Dataset records Start Marker
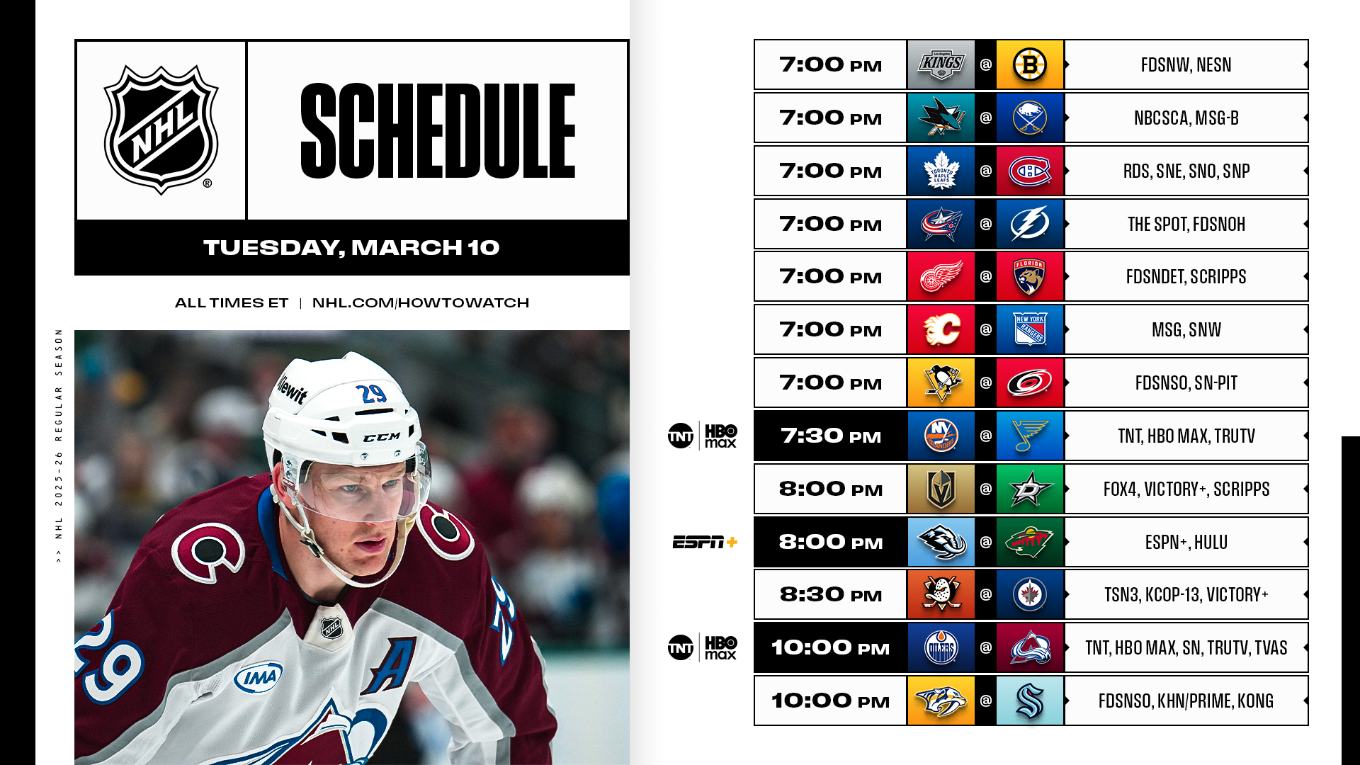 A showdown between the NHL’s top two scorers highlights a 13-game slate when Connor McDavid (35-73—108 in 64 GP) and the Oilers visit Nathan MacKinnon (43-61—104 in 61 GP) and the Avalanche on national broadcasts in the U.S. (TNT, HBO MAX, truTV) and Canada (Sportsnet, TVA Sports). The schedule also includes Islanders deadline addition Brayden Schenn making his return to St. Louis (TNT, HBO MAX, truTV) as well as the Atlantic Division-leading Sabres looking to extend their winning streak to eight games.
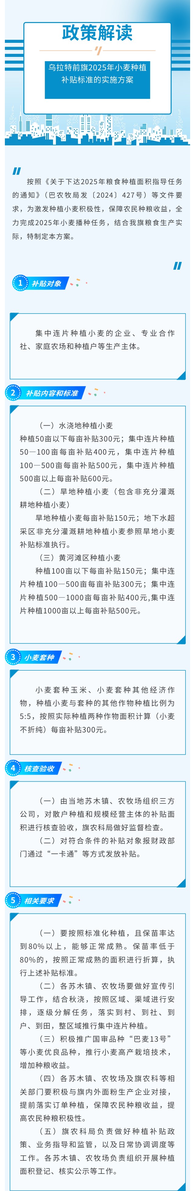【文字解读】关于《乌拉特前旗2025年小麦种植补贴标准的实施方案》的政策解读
Dataset records End Marker
Dataset records Start Marker
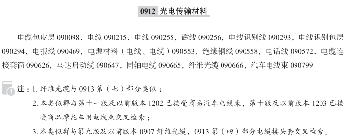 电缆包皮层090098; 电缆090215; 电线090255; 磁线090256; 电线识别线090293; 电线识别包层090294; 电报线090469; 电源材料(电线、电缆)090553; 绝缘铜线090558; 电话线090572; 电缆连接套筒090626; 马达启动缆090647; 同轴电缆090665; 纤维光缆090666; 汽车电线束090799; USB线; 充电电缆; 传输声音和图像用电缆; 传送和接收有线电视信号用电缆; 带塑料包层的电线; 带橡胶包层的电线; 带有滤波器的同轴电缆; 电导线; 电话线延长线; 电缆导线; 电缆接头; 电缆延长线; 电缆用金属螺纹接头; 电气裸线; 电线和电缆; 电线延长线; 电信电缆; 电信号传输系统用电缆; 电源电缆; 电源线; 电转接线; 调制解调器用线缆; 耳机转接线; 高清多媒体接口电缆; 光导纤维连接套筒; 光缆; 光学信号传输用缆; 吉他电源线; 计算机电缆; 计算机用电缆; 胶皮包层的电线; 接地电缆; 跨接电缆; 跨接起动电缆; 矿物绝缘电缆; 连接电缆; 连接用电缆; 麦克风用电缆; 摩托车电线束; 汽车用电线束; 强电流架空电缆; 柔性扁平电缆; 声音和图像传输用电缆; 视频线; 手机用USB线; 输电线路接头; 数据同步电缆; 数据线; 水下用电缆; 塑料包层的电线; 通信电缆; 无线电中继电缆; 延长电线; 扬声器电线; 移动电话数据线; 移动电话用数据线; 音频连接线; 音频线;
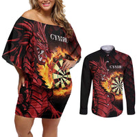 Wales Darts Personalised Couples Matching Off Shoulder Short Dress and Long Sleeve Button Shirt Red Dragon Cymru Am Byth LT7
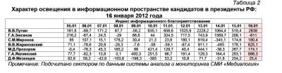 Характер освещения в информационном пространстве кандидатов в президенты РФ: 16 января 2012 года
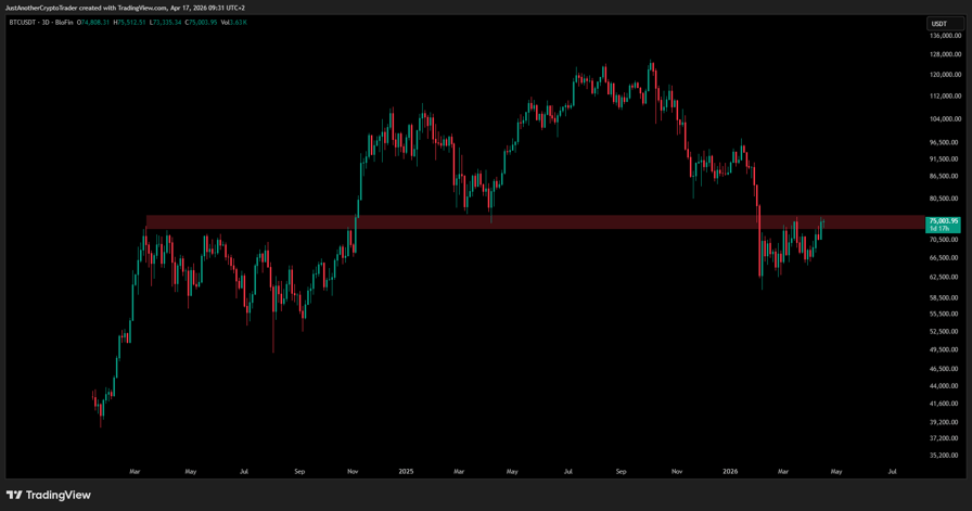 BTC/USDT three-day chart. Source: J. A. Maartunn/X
Dataset records End Marker
§ Prompt:
Range to copy from the listing above: the line with "Характер освещения в" through the line with "BTC/USDT three-day chart.". Transcribe it exactly and skip the pictures.

§ Exercise result:
 Характер освещения в информационном пространстве кандидатов в президенты РФ: 16 января 2012 года
 BTC/USDT three-day chart. Source: J. A. Maartunn/X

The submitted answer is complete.